The interesting thing about that statement is that 20% of taxpayers reporting capital gains make less than $50K sounds a lot like 20% of capital gains taxes are paid by taxpayers earning less than $50K. But they are not the same thing at all, and Will's question is irrelevant on its face. This is the same rhetorical device Bush used when he claimed that the majority of his tax cuts went to middle income and working people. A true but meaningless statement. The cuts went to the people but the money went to the rich. The  same is true of capital gains and dividend taxes.

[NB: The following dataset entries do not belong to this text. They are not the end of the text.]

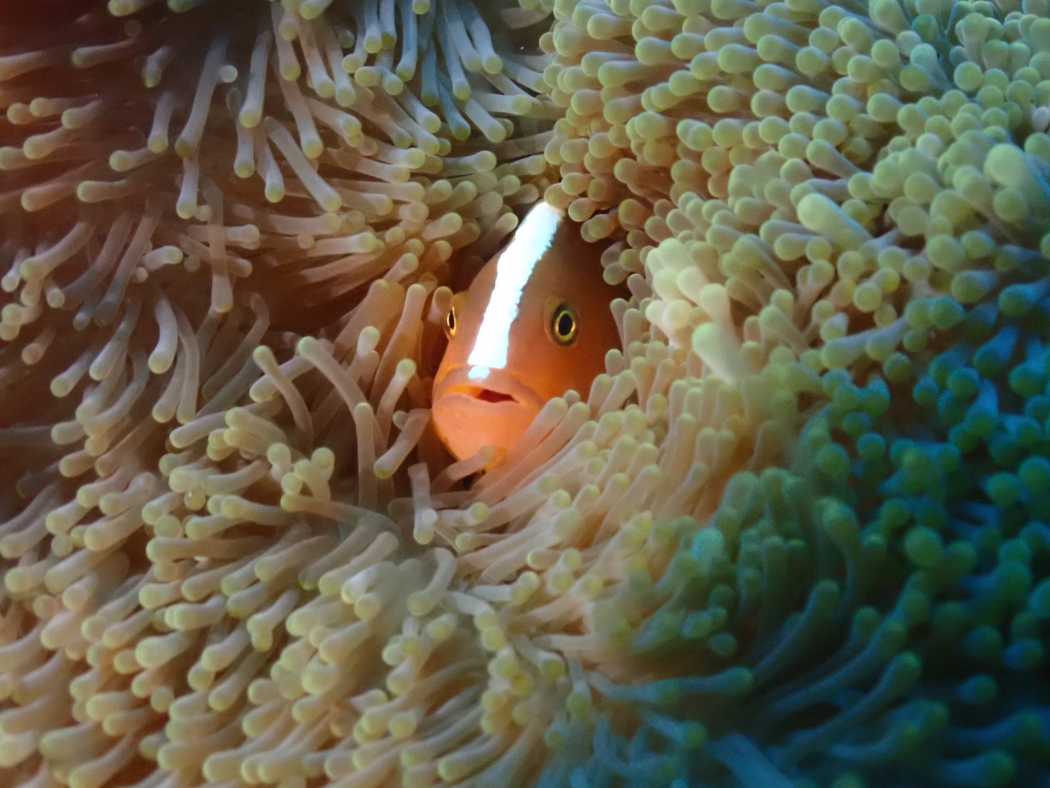 このクマノミはちょっとシャイで、なかなかイソギンチャクから出てきてくれませんでした・・・。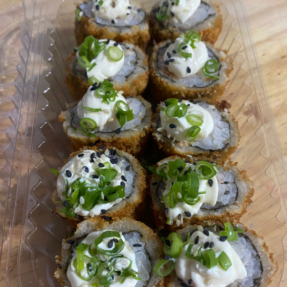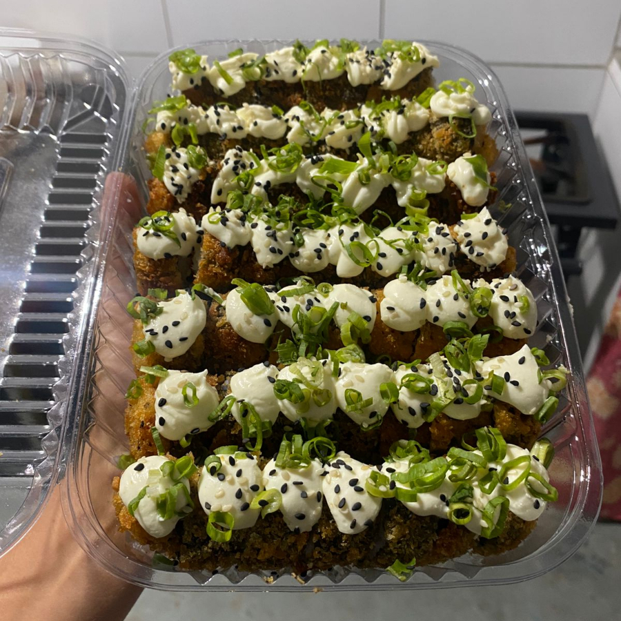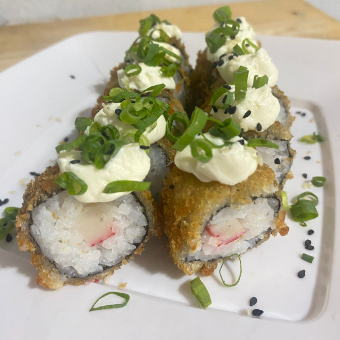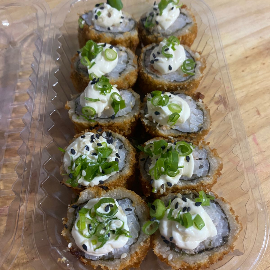 arroz japonês,alga nori,cream cheese,camarão frito,cebolinha e gergelim.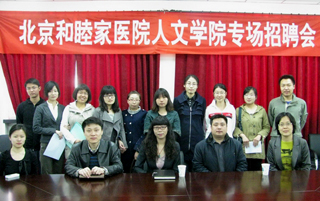 4月8日上午,人文學院承辦了北京和睦家醫院2011屆畢業生專場校園招聘。此次招聘會是人文學院和招生就業處共同努力、精心籌備的結果。我校英語、法學、護理和中藥專業的2011屆畢業生參加了招聘會,其中12名同學被招聘方確定進入實踐工作能力考核環節。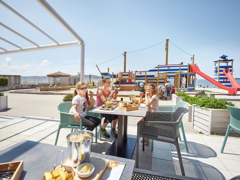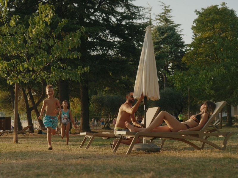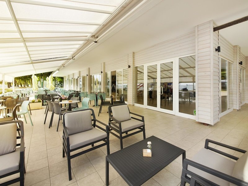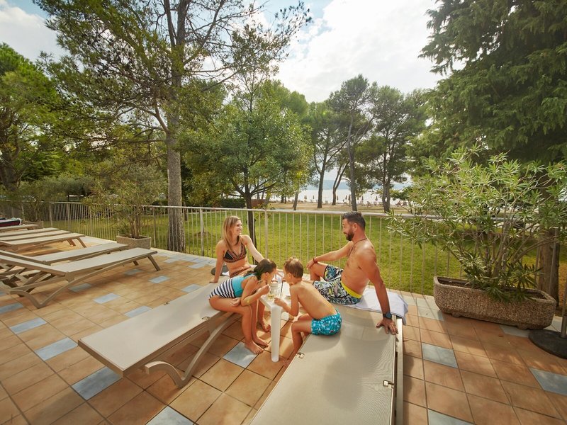 - Bazén: Vonkajší, morská voda, integrovaný detský/batoľací bazén, ležadlá: za poplatok, slnečníky: za poplatok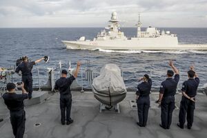 Crew of HMS Albion wave to Italian frigate Carlo Bergamini during exercise in 2020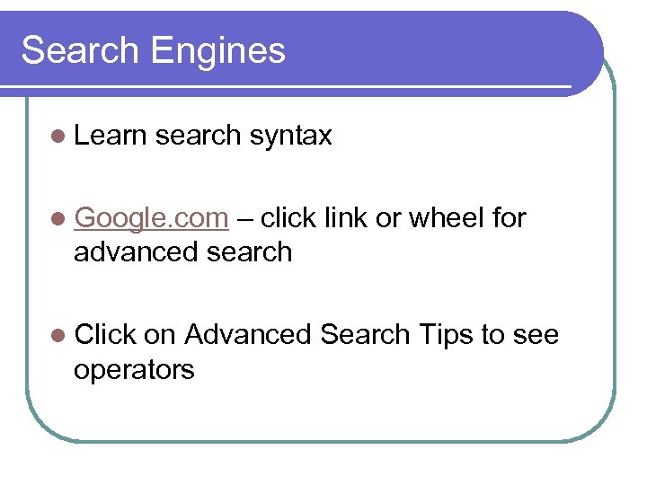 Search Engines l Learn search syntax l Google. com – click link or wheel for advanced search l Click on Advanced Search Tips to see operators

The Center on Budget and Policy Priorities finds that middle-class American taxpayers reporting capital gains and dividend income derive very little monetary benefit because the vast majority of that income is concentrated among the wealthy. The Tax Policy Center estimates that 83 percent of total capital gains goes to the highest-income 5 percent of U.S. households.
According to the Tax Policy Center, the average household in the middle of the income spectrum received $20 from the 2003 capital gains and dividend tax cuts.  The average household earning over $1 million received $32,000, or 1,600 times as much.
So can we rephrase or at least append the last part of your question, Mr Will? Are you aware that 20 percent of taxpayers reporting capital gains in 2006 had incomes of less than $50,000, and they each saved about 20 bucks off their taxes? Isn't that wonderful?

Question:
• You favor eliminating the cap on earnings subject to the 12.4 percent Social Security tax, which now covers only the first $102,000. A Chicago police officer married to a Chicago public-school teacher, each with 20 years on the job, have a household income of $147,501, so you would take another $5,642 from them. Are they undertaxed? Are they rich?

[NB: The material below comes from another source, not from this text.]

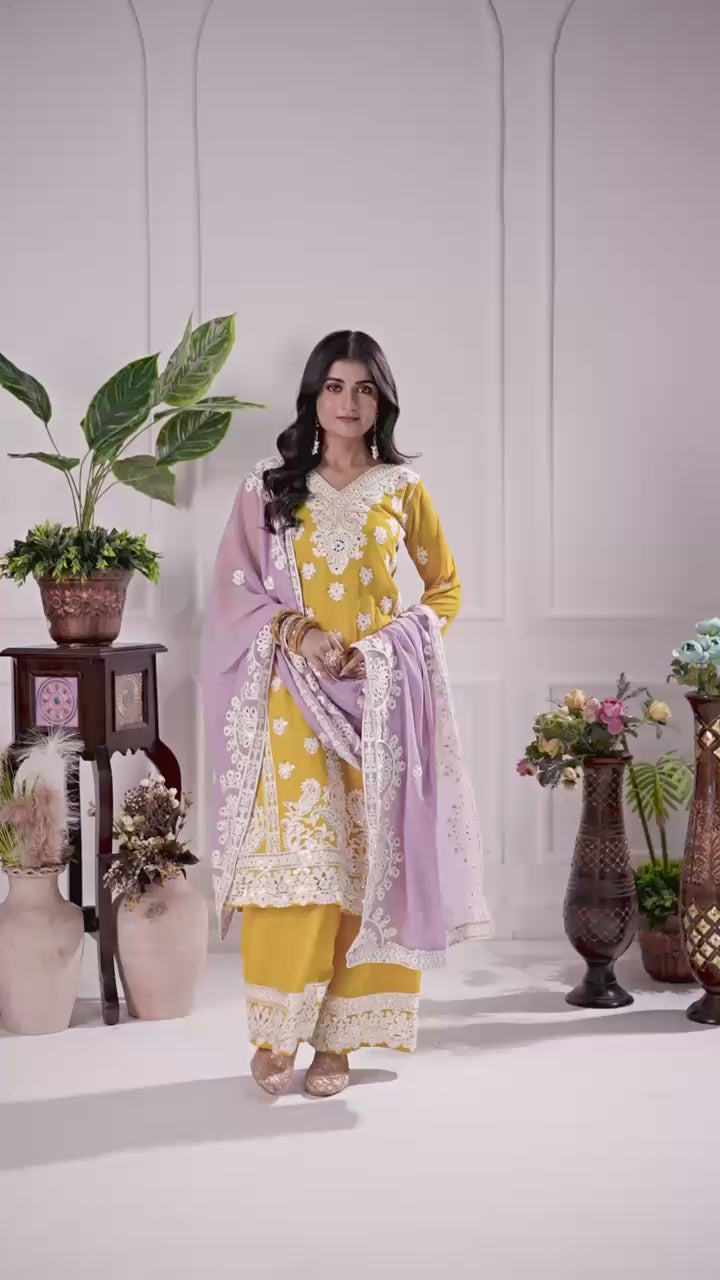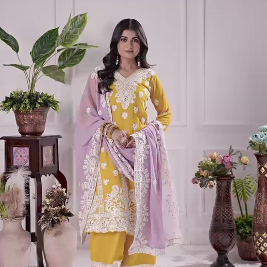 Heavy Faux Georgette Embroidered Suit with Palazzo & Dupatta

No, George, they're not rich. You are. They're not stupid, either. How about you? FICA taxes are on individual income up to $102,000. Unless the cop or the teacher makes over that amount, they already pay FICA tax on every cent they earn working. Unlike you, Mr. Will. How early in the year do you stop paying FICA? March? February? January?

Question:
  • You denounce President Bush for arrogance toward other nations. Yet you vow to use a metaphorical "hammer" to force revisions of trade agreements unless certain weaker nations adjust their labor, environmental and other domestic policies to suit you. Can you define cognitive dissonance?
Can you define cognitive disability? Let's see, one the one hand we have Shock & Awe delivered against a third rate, third world dictator by the most powerful military machine the world has ever known. On the other hand we have the "metaphorical hammer" to negotiate with two of our largest trading partners. Why there's scarcely a hair's difference between the two.

Oy what  a schmuck!

And last but not least, he asks :
• You want "to reduce money in politics." In February and March you raised $95 million. See prior question.
This has got to be my favorite. For years the Republicans have shouted from the roof tops that MONEY EQUALS FREE SPEECH. But now that somebody has come along with the ability to raise a lot of money from the people at large rather than special interest donors who only give with strings attached, that old right wing mantra doesn't ring so well, does it, MR Will?

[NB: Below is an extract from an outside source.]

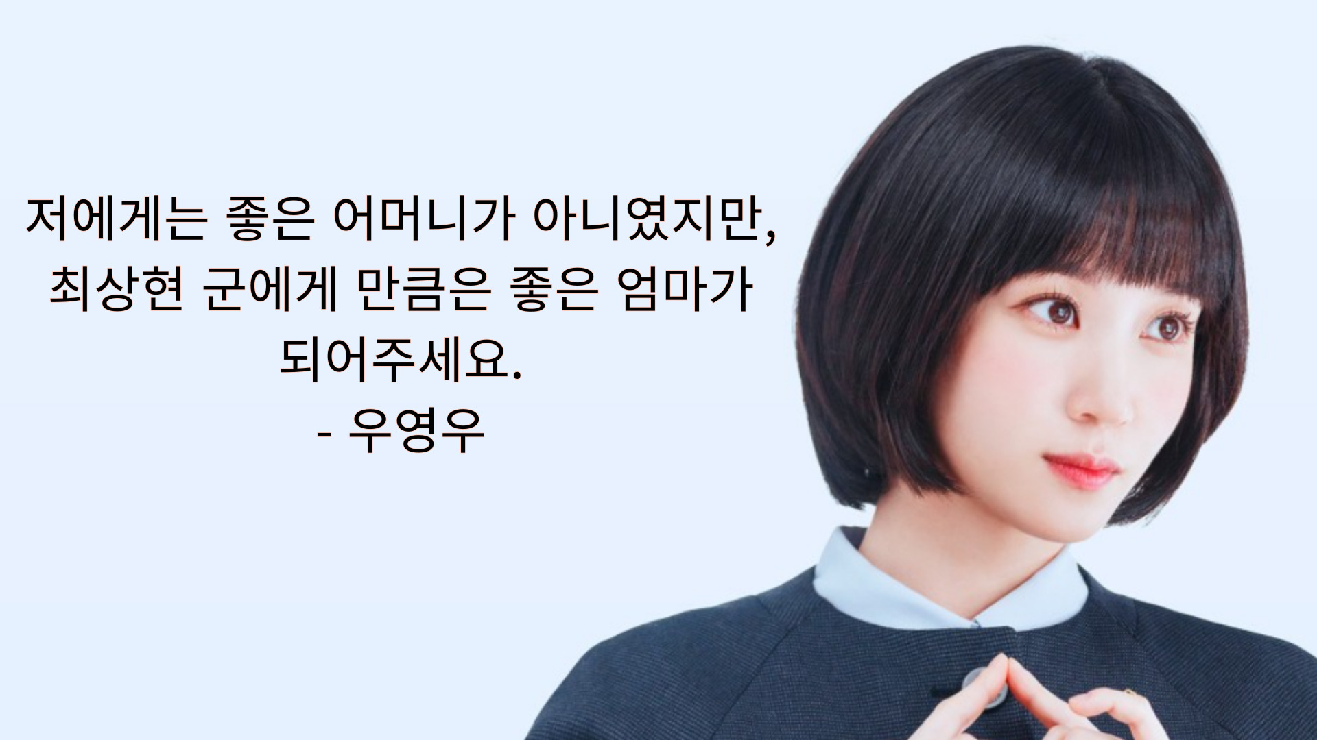 하지만 우영우 변호사는 정명석 변호사가 아니잖아요. 나랑은 완전히 다른 사람인데 내가 무슨 조언을 하겠어요. 난 그저 우영우 변호사의 결정이 궁금할 뿐이에요. 우영우 변호사는, 음... 그냥 보통 변호사가 아니니까.

You Republicans pooled your corporate resources to buy your way into control. Now it's our turn. Now the people are pooling their resources to buy you out - to drive all of you corrupt corporatist bastards out of our Government. First we have to disinfect. Then we'll work on public campaign finance and getting all of the special interest money out of our elections..

And finally,
But coming next, questions for John McCain.
Oh, gee, I can't wait.


Comments (7)

Query also does that figure include reporting of capital gains from sales of primary residences that are exempt from the tax?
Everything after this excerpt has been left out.